▶ _Data_
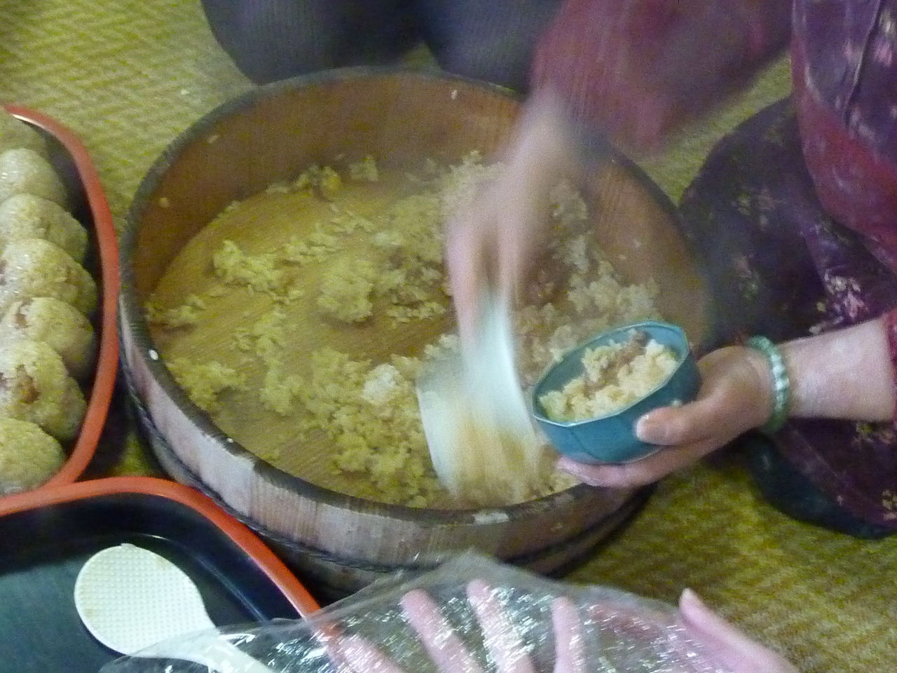 Pounded rice is moved to the table.
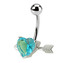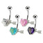 BP01020-Q Stříbrný piercing do pupíku - srdíčko probodnuté - srdce - tyrkysová
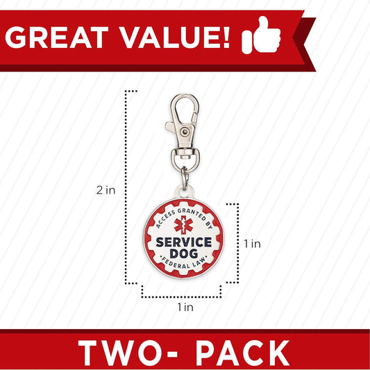 2 Pack Service Dog Tag Double Sided: Metal Pet ID Tags for Service Animals, Emotional Support & Therapy, Navy Lettering & Red Enamel Trim (1 Inch (Small Dogs))
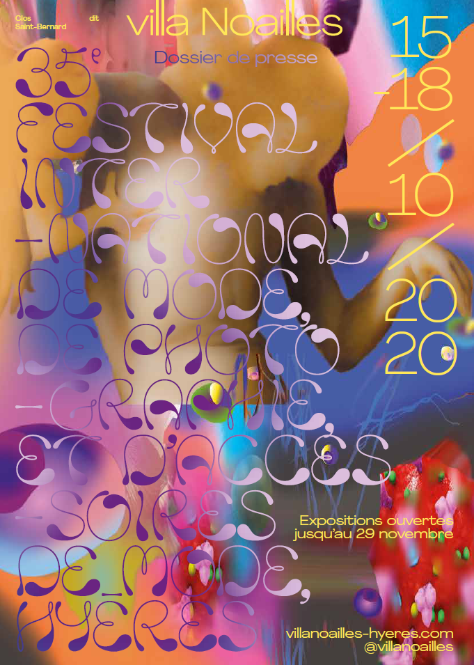 La 35e édition du Festival de Hyères se tiendra du jeudi 15 au dimanche 18 octobre 2020 à la villa Noailles. Au programme : expositions, ateliers, concerts, conférences, danse, performances mais également les concours photographie (Grand Prix du jury photographie, Prix de la photographie American Vintage), mode (Grand prix du jury Première Vision, Prix Chloé, Prix 19M des métiers d’art de Chanel) et accessoires de mode (Grand prix du jury accessoires de mode, Prix Hermès des accessoires de mode).
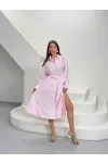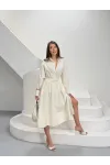 Yırtmaç Detay Etek ve Gömlek Alt Üst Takım Ekru Terrycotton Kumaş

▶ _Task objective_
Reproduce precisely the lines of the entries above, from the one containing "2 Pack Service" through the final one, both ends included, and omit the pictures.

▶ _Answer box_
 2 Pack Service Dog Tag Double Sided: Metal Pet ID Tags for Service Animals, Emotional Support & Therapy, Navy Lettering & Red Enamel Trim (1 Inch (Small Dogs))
 La 35e édition du Festival de Hyères se tiendra du jeudi 15 au dimanche 18 octobre 2020 à la villa Noailles. Au programme : expositions, ateliers, concerts, conférences, danse, performances mais également les concours photographie (Grand Prix du jury photographie, Prix de la photographie American Vintage), mode (Grand prix du jury Première Vision, Prix Chloé, Prix 19M des métiers d’art de Chanel) et accessoires de mode (Grand prix du jury accessoires de mode, Prix Hermès des accessoires de mode).
 Yırtmaç Detay Etek ve Gömlek Alt Üst Takım Ekru Terrycotton Kumaş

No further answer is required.